PS Speaking of words, the Equity team had a hell of a good time this week, in case you want a chatty dive through recent startup events.

The Top 3 TechCrunch

  • Bolt raises $355 million as online payments war continues: Bolt (not this bolt) raised a huge new funding round that brings its valuation to $11 billion. Bolt provides an online payment solution for other businesses. It competes, in various ways, with Fast and Checkout.com, which just raised $1 billion at a $40 billion valuation. You can argue that there is a separation between players in terms of where they fit in the world of payments and online payments, but the overlap seems to be growing between competitors. (Just a year ago, we were calling the online check market a war; the battle continues.)
  • Big tech companies subpoenaed by Congress: As an investigation into the January 6 insurrection continues here in the United States, big tech companies are caught up in the hunt for answers. YouTube (Alphabet), Facebook and Instagram (Meta), Reddit and Twitter seem to be in the line of fire.
  • All that shines is not the volume of legitimate transactions: As the market for non-fungible tokens – digital signatures on the blockchain that often point to assets stored on the traditional web, such as images – heats up, we follow the various exchanges where transactions take place. What we have learned most recently is that all trading volume may not be what it first appears.

Startups / VC

  • Daasity raises $15M to help businesses leverage e-communications data: Daasity is a startup that helps customers aggregate their information from various e-commerce platforms (Amazon, Shopify, etc.), to “analyze them and send them to marketing channels to optimize the customer base”. experiments based on historical performance information,” writes TechCrunch. The company’s new funding round was a Series A, led by VMG Catalyst.
  • Commercial electric vehicles for the Indian market: Amazon is working with a number of companies on electric vehicles for its global delivery network, one of which is EVage. The Indian company just raised $28 million for an electric van truck that I have to admit is pretty enticing – provided you’re the kind of person who loves brutalist architecture.
  • The cannabis job market is growing: TechCrunch notes in this story that there are job platforms being built to help certain industries hire. The healthcare market has a few, for example. And now so does the cannabis industry, thanks to Vangst, which just raised a Series B round of $19 million.

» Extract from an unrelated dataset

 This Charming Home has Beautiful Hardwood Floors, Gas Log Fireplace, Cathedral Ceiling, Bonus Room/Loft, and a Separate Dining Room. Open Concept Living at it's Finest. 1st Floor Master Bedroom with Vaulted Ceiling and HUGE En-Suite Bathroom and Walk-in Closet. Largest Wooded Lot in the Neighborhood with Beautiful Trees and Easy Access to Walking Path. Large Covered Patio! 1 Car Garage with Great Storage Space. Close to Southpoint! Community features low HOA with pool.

Fintech and insurtech innovation in Brazil set to take off on regulatory tailwinds

One-click payment company Bolt ushered in decacorn territory with the $355 million Series E – TechCrunch

Nubank’s current headquarters in Sao Paulo, Brazil. Image credits: NELSON ALMEIDA/AFP via Getty Images

Regulation is often criticized as an obstacle to innovation in most developing countries.

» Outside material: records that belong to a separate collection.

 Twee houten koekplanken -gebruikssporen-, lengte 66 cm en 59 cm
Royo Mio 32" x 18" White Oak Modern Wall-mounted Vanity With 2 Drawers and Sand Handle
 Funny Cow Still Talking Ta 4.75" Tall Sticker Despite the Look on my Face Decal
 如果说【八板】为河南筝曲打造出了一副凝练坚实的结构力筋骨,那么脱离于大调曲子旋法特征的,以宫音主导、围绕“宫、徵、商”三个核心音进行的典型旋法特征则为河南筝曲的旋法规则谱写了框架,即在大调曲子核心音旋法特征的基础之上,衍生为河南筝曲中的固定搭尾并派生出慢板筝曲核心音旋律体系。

But in Brazil, the Central Bank is hailed by fintech investors and founders as a tailwind to bringing banking services to the masses.

“The open banking initiatives adopted by the Central Bank of Brazil are absolutely conducive to fintech innovation,” Amy Cheetham of Costanoa Ventures told TechCrunch.

In an in-depth market analysis, Anna Heim explores the growth of Brazilian fintech following Brazil’s open banking initiatives and how insurtech is poised to benefit as well.

(TechCrunch + is our membership program, which helps startup founders and teams get ahead. You can register here.)

Big Tech Inc.

Today we have a handful of Big Tech news on the subject of mass transit, followed by, what else, European legal news involving a major US tech company!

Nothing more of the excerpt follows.